Historic Martin Guitar Accidentally Destroyed in Quentin Tarantino’s ‘Hateful Eight’

_Apparently, Kurt Russell didn’t get the memo about the historic Martin guitar that makes an 
appearance in Quentin Tarantino’s latest film, The Hateful Eight. In the scene, the character 
Daisy Domergue, played by Jennifer Jason Leigh, is singing and playing the instrument when 
John Ruth, Russell’s character, decides he’s heard enough. “Music time’s over,” he yells before 
grabbing the guitar from her and smashing it to pieces against a large wooden support

The Martin, a model from the 1870s, was on loan from the company’s museum and, according 
to Mark Ulano, the film’s Academy Award–winning sound mixer, “was priceless.” Six doubles 
were created as stand-ins for the scene. 

“We were supposed to go up to that point, cut and trade guitars and smash the double,” Ulano 
explains to SSNInsider.com. “Well, somehow that didn’t get communicated to Kurt, so when 
you see that happen on the frame, Jennifer’s reaction is genuine.”

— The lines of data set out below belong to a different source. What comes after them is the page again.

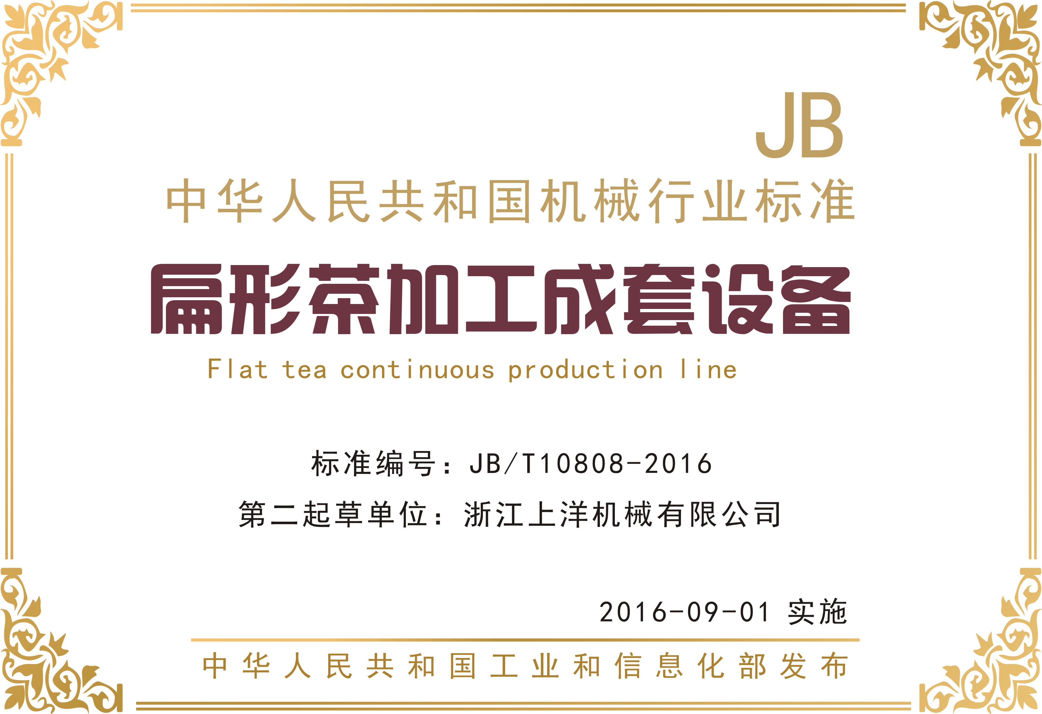 行業(yè)標準1、扁形茶葉加工成套設(shè)備-第二起草單位
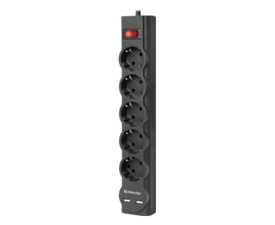 Сетевой фильтр DEFENDER DFS 753 3,0 м, 5 розеток, 2xUSB, 2.1A (99753)
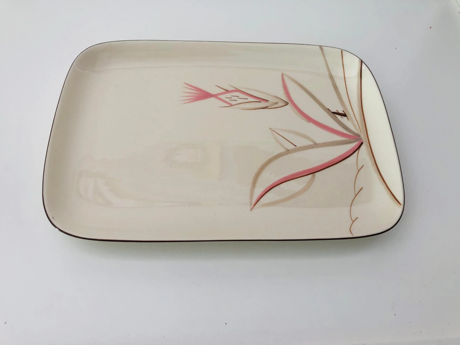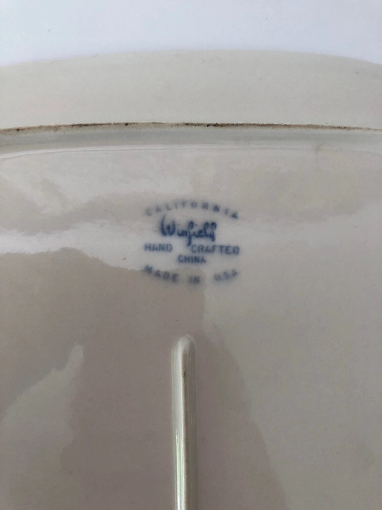 Midcentury Dragon Flower Pattern China Large Platter/ Serving Tray / Serving Dish 14.75″ L X 10.40″W , Makers mark reads ” Winfield Hand Crafted in California ” Excellent condition.
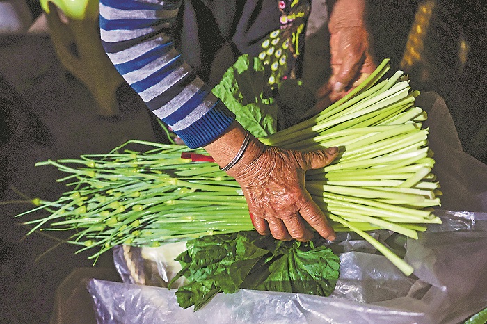 4月17日凌晨,重庆市渝北区石船镇黄岭村,周庆兰在整理背篓里的蔬菜,准备出门。
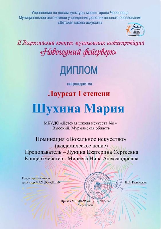 Поздравляем учащуюся отделения сольного пения Шухину Марию, преподавателя Лукину Екатерину Сергеевну и концертмейстера Минееву Нину Александровну с победой во II Всероссийском конкурсе музыкальных интерпретаций "Новогодний фейерверк" (г. Череповец)

“Kurt shattered the antique guitar and everyone was pretty freaked out. Tarantino was in a corner 
of the room with a funny curl on his lips, because he got something out of it with the performance.”_


----------



## mawmow (Nov 14, 2017)

Wonder if a "fake aging" guitars really sound (though torrefied woods may help if they are made of) and will really age like an actual "pre-war"...


----------



## Daniel Grenier (Jun 24, 2008)

An original pre 1940s Martin in good condition can go for much, much more than these guitars and, it’d be very cool, and enlightening, to try a “real” pre-war and one of these side by side. The reviews of these new ones, though, are very good and regardless of the link they make to old Martins, thesy are apparently very worthy instruments.


----------



## guitarman2 (Aug 25, 2006)

Daniel Grenier said:


> An original pre 1940s Martin in good condition can go for much, much more than these guitars and, it’d be very cool, and enlightening, to try a “real” pre-war and one of these side by side. The reviews of these new ones, though, are very good and regardless of the link they make to old Martins, thesy are apparently very worthy instruments.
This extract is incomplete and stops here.